And by a few days I mean that I've solved AoC until day 11 (I think),
and I'm writing a game backend that communicates via JSON/WebSockets
to a web frontend.
## Irrelevant background
I don't remember where did I hear about Golang first. But I clearly
remember that my first opinion of it was heavily influenced by fasterthanlime
posts about it. I think I discovered his page with his "I want off Mr. Golang's
wild ride" and "Lies we tell to ourselves to keep using Golang" posts.
So, I had a negative impression about it for some time. And at the time I
was felling in love with Rust, which Amos uses as a comparison point,
so all the arguments made sense, and I did what any reasonable person on the
internet would do: I made his arguments mine :)
Then, another tech-fluencer I follow began to talk about Golang. ThePrimeagen.
And apparently he liked Golang a lot. He was (and I think still is at the
time of writing) learning
Golang, and was happy to try it out. So I did what any reasonable person on
the internet would do: I made his opinions mine :)
And so, I decided to try out Golang, coming from having learned a lot of Rust.
## A nicer C + gc
My very first impression was that it felt a lot like C. Very imperative code,
very simple, very minimalist. You can't even do something like `"hello".length`,
you do `len("hello")`, in a very C-style. However, you don't have to manually
manage all your memory, since Golang is garbage collected. So, it feels like a
nicer C.
## Confusion with references
I think that Rust messed up with the way that I think about
references/parameters/pass-by-value/pass-by-reference.
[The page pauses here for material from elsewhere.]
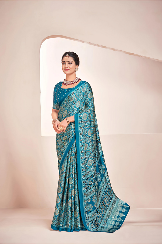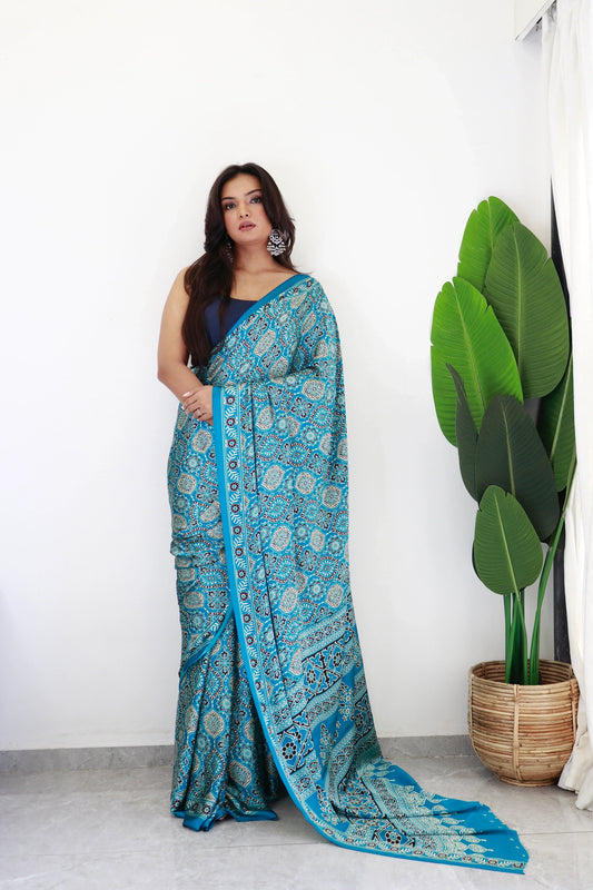 Blue Ajrakh Gajji Silk Ajrakh Fancy Pallu saree Available in Gaji silk Ajrakh natural mill...

First, in Java and JS I got used that anything that is not a primitive
datatype is passed by reference. Since neither of these use pointers, that's
reasonable.
Then, in Rust, you define instead ownership, lifetimes and references. So, I
got used to:
```rust
fn test_function<'a>(
a: Type,
b: mut Type,
c: &Type,
d: &mut Type,
e: &'a Type,
f: &'a mut Type,
) {
// ...
}
```
Which are, off the top of my head:
- a: Take ownership of `Type`
- b: Take ownership of a mutable `Type`
- c: A reference to `Type`
- d: A mutable reference to `Type`
- e: A reference to `Type` with lifetime `'a`
- f: A mutable reference to `Type` with lifetime `'a`
I got used to pass-by-refernce, in one way or another.
So, I came to Golang expecting the same. Primitive types are passed by value,
complex types are passed by reference. But apparently they aren't, which had
me scratching my head for many hours.
I had a function that took a struct, modified some values, and returned.
```go
// Some hypothetical code
type Node struct {
Value string
Visited bool
}
func mark_as_visited(node Node) {
// ...
node.Visited = true
// ...
}
```
Apparently, this will create a copy of `Node` instead of mutating the parameter.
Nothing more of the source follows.